See, you have a different background, different experiences, and different perspectives on various issues than I do. We may generally agree on most everything, but when it gets down to brass tacks, we will still perceive differently and have different needs and wants. That is why you will not hear me giving you shoulds
in this book: You should live in a tiny house.
You should be a vegan.
You should move to an eco-village.
You should do all your laundry by hand.
Instead of shoulding
on you, I offer you a template that allows you to figure out who you are at your core, and design a simple life around that. For you, that may be living in an apartment in a suburb where you grow tomatoes, greens, and herbs on your balcony in the summer and – year-round – give piano lessons in between playing for your local symphony.
For another reader, the simple life might mean raising a large family in the country, earning an income by raising goats and producing goat milk and related products.
Neither choice is bad
, as long as both parties feel that they are living out their purpose in the most sustainable manner possible.
What this book is
Simplicity begins on the inside, and eventually manifests itself on the outside – in everyday words, thoughts, and actions. A big part of living a simpler life is focusing on what you believe your purpose, or calling, to be.
So this book consists of two parts. The first part is education. Seeds are sown when new information is received. The first part of the book is going to cover a variety of modern-day issues that tend to oppress personal freedom and hinder sustainable lifestyle choices.
If you think you know all you need to know – the dangers of the food industry, the problems with the educational system, and so on – I still encourage you to read the first part. I find I always gain new nuggets from a book, even if I already know most of the information it offers.
The second part of the book gets into the Template of Simple Living, which can be broken into three main parts:
1. Determine your priorities.
2. Eliminate whatever is in your life that get in the way of your priorities.
3. Take Earth- and relationship-sustainable steps every day toward fulfilling your purpose.
Sounds simple, doesn’t it? That’s because life was never meant to be complicated! At least, not as complicated as we’ve made it. Of course, the diversity and number of people on the planet automatically bring unavoidable levels of complexity. Still, when you seek to live a simple, fulfilling life that respects the needs of others, many of the complexities fade into the woodwork.
Love God, love your neighbor, love yourself.
That’s not always easy. But I am not promising any part of the processes this book will take you through will be easy. Simple
and easy
are not synonyms.
Things will be made easier, however, if you remember one thing: the world is not a perfect place, and nobody living on it is perfect.
A word on perfectionism
This is an imperfect world where bad things happen to good people; prejudices, stereotypes and self-deceptions cause misunderstandings and warped perceptions; and unexpected – often unwanted – twists seem to be the norm.

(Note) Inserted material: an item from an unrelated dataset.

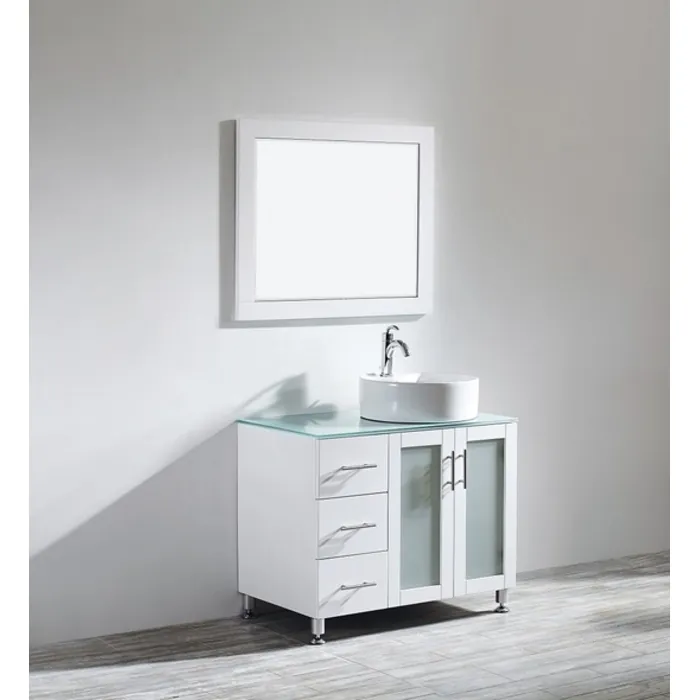 Tuscany 36 inch Bathroom Vanity in White with Glass Countertop with White Vessel Sink With Mirror 745036R-WH-WG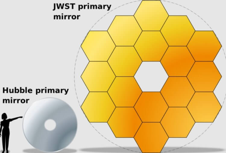 Телескоп Джеймса Уэбба больше и мощнее, чем «Хаббл»

It is also a technology-driven world.
To have ideals is a good and noble thing, but you will be miserable if you expect those ideals to manifest in the precise form that you envision.

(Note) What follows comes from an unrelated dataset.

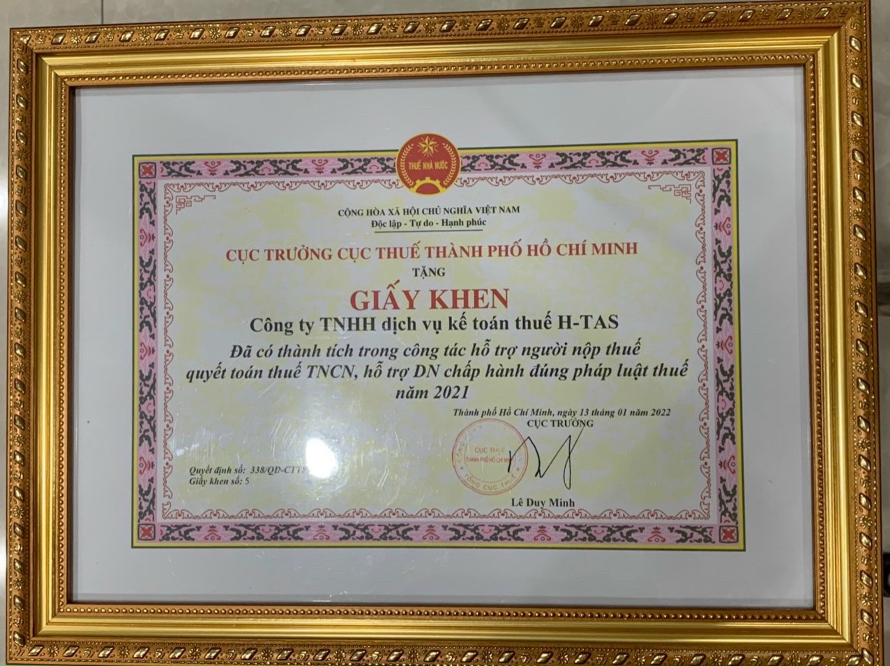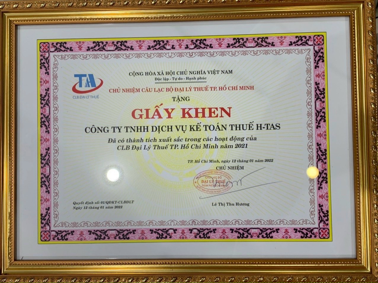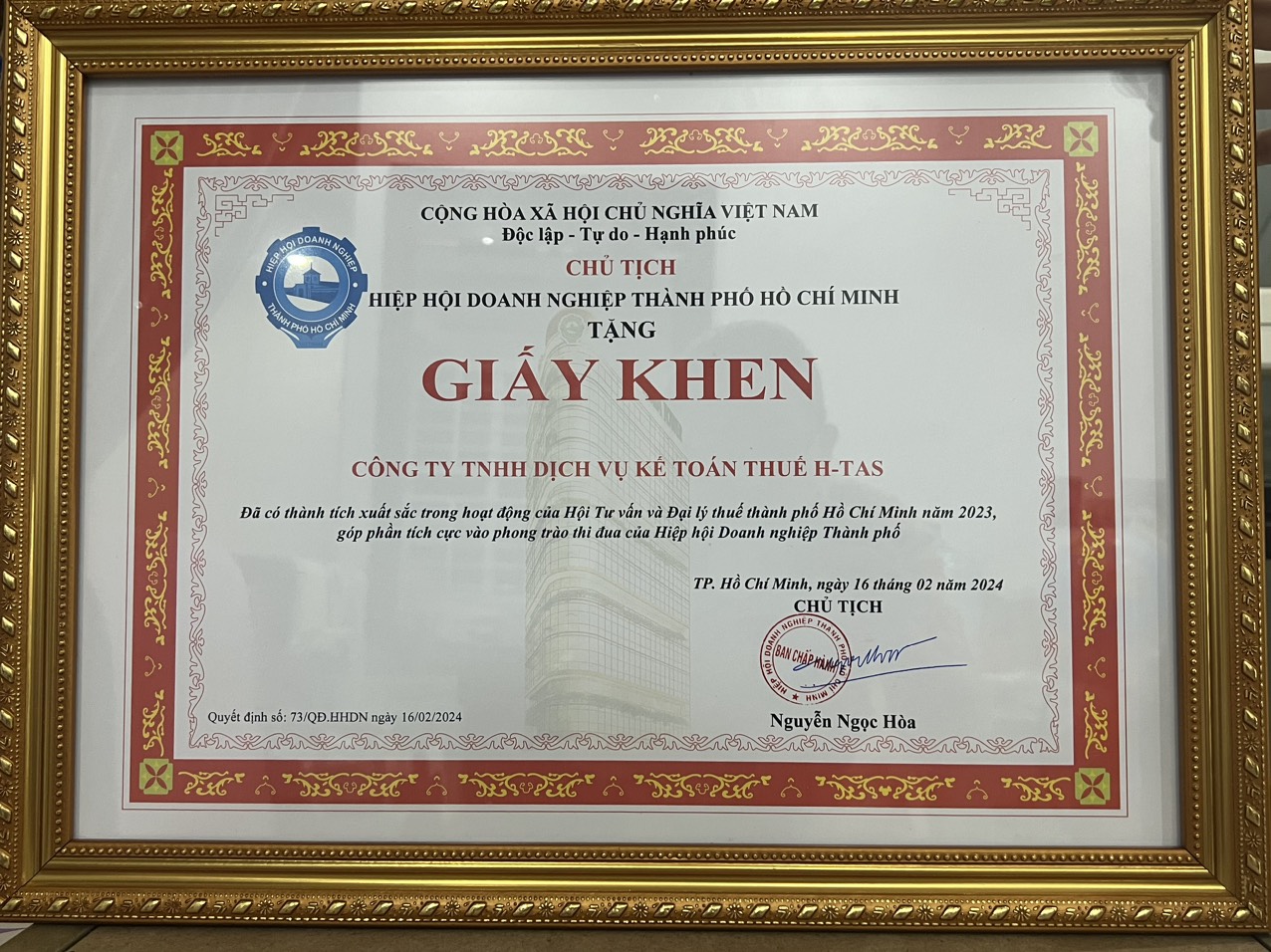Đã có thành tích xuất sắc trong công tác xây dựng, phát triển Hội Tư vấn và Đại lý thuế TP. Hồ Chí Minh năm 2024, góp phần tích cực vào phong trào thi đua của Hiệp hội Doanh nghiệp Thành Phố.

This is another reason that I am not going to should
on you in this book: everybody’s life circumstances are different. What you wish could be your ideal simple life may be – and probably is – impossible, because you are not alone. Again, it’s a matter of living your life in the context of relationships with other people, and in the context of your calling.
I’ll use myself as an example. When my son was two, we were living in the suburbs and I desperately wanted to quit using the clothes dryer. But every time I hung laundry out on the lines in the backyard, my son would throw clods of dirt at it! I had to wait a couple of years before I could do this. I had my ideal, but the timing was not right to act on that ideal.